[Saved entries]
──────────────────────────────
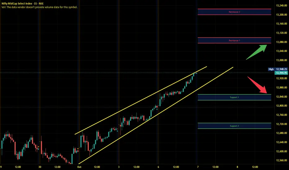 Midnifty has immediate support near 12850 – 12825 range and if this support is broken then index may tank near 12725 – 12700 range.
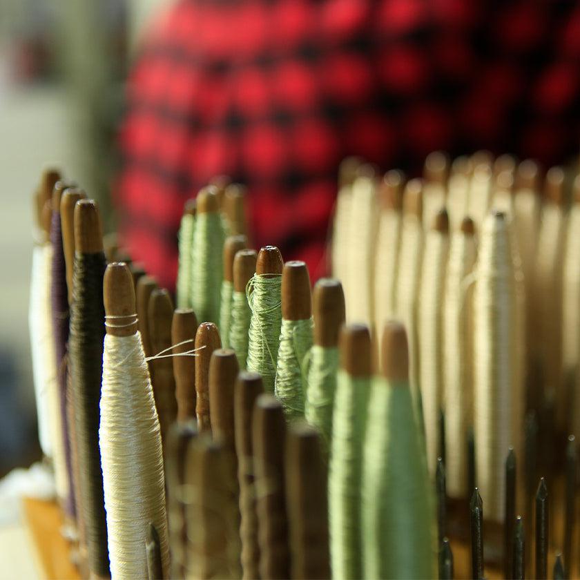 博多織の技術を最大限活かした織物に、ひとつひとつ手縫いで縫製し、丁寧に仕上げました。
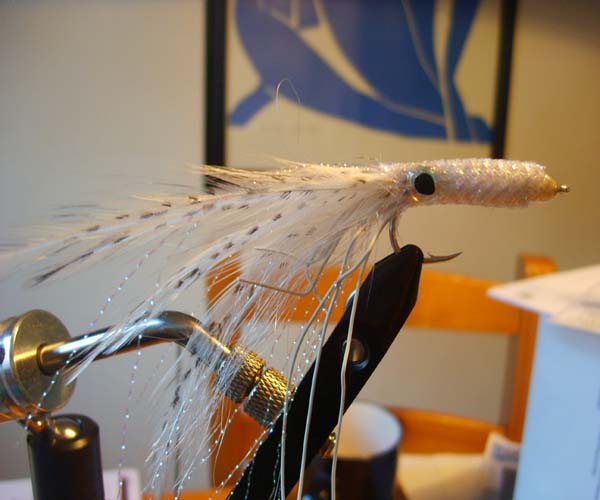 Hook: Grip Streamers and damesels no.12 Eyes: red chennile Thread: Danvilles 140 Body: olive marabou Ribbing: copper wire
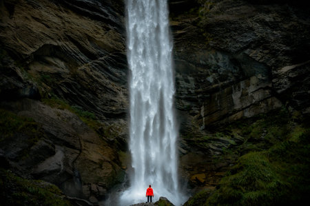 Kvernufoss waterfall in the gorge of the mountains. Tourist Attraction Iceland. Man in red jacket standing and looks at the flow of falling water. Beauty in nature
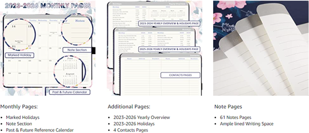 • ? Ideal Organizer- An excellent person will always do well in long-term planning and make everything organized. This 2023-2026 pocket calendar can help you make your monthly planning better and achieve your long-term goal. It is also perfect to use at work, school or home. Just take this ideal organizer and start planning your next 3 years in advance!
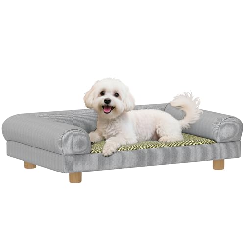 PawHut Dog Sofa, Cat Couch with Removable and Washable Cover, Elevated Pet Cat Sofa for Miniature Dogs, Wooden Legs, Grey
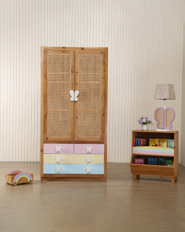 Introducing this Kids Butterfly Wardrobe, a delightful blend of style and functionality. Crafted from sturdy pine wood, this wardrobe is not just a storage solution but a piece of art for your child's room. Inspired by butterflies, it features four drawers with cute butterfly knobs, making it a charming addition to any space. The bottom two large drawers, painted in pastel pink, provide ample storage, complemented by two small drawers for added organization. The wardrobe's gates and drawers are uniquely crafted with a cane, creating a whimsical touch. The cream-white sides and natural pine wood finish add a touch of elegance, making it a perfect fit for any kids' room. With robust construction, the Nazraana Kids Butterfly Wardrobe offers both style and durability for your child's clothing storage needs.
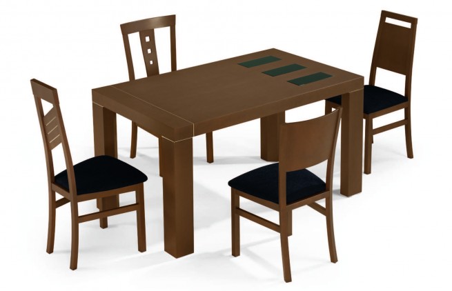 Compuesto de 1 mesa extensible Berta o Belén + 6 sillas a elegir entre los 4 modelos de la fotografía.
──────────────────────────────
* Requirement
Repeat the records above word for word, keeping no pictures in the copy.

* Output of the task
 Midnifty has immediate support near 12850 – 12825 range and if this support is broken then index may tank near 12725 – 12700 range.
 博多織の技術を最大限活かした織物に、ひとつひとつ手縫いで縫製し、丁寧に仕上げました。
 Hook: Grip Streamers and damesels no.12 Eyes: red chennile Thread: Danvilles 140 Body: olive marabou Ribbing: copper wire
 Kvernufoss waterfall in the gorge of the mountains. Tourist Attraction Iceland. Man in red jacket standing and looks at the flow of falling water. Beauty in nature
 • ? Ideal Organizer- An excellent person will always do well in long-term planning and make everything organized. This 2023-2026 pocket calendar can help you make your monthly planning better and achieve your long-term goal. It is also perfect to use at work, school or home. Just take this ideal organizer and start planning your next 3 years in advance!
 PawHut Dog Sofa, Cat Couch with Removable and Washable Cover, Elevated Pet Cat Sofa for Miniature Dogs, Wooden Legs, Grey
 Introducing this Kids Butterfly Wardrobe, a delightful blend of style and functionality. Crafted from sturdy pine wood, this wardrobe is not just a storage solution but a piece of art for your child's room. Inspired by butterflies, it features four drawers with cute butterfly knobs, making it a charming addition to any space. The bottom two large drawers, painted in pastel pink, provide ample storage, complemented by two small drawers for added organization. The wardrobe's gates and drawers are uniquely crafted with a cane, creating a whimsical touch. The cream-white sides and natural pine wood finish add a touch of elegance, making it a perfect fit for any kids' room. With robust construction, the Nazraana Kids Butterfly Wardrobe offers both style and durability for your child's clothing storage needs.
 Compuesto de 1 mesa extensible Berta o Belén + 6 sillas a elegir entre los 4 modelos de la fotografía.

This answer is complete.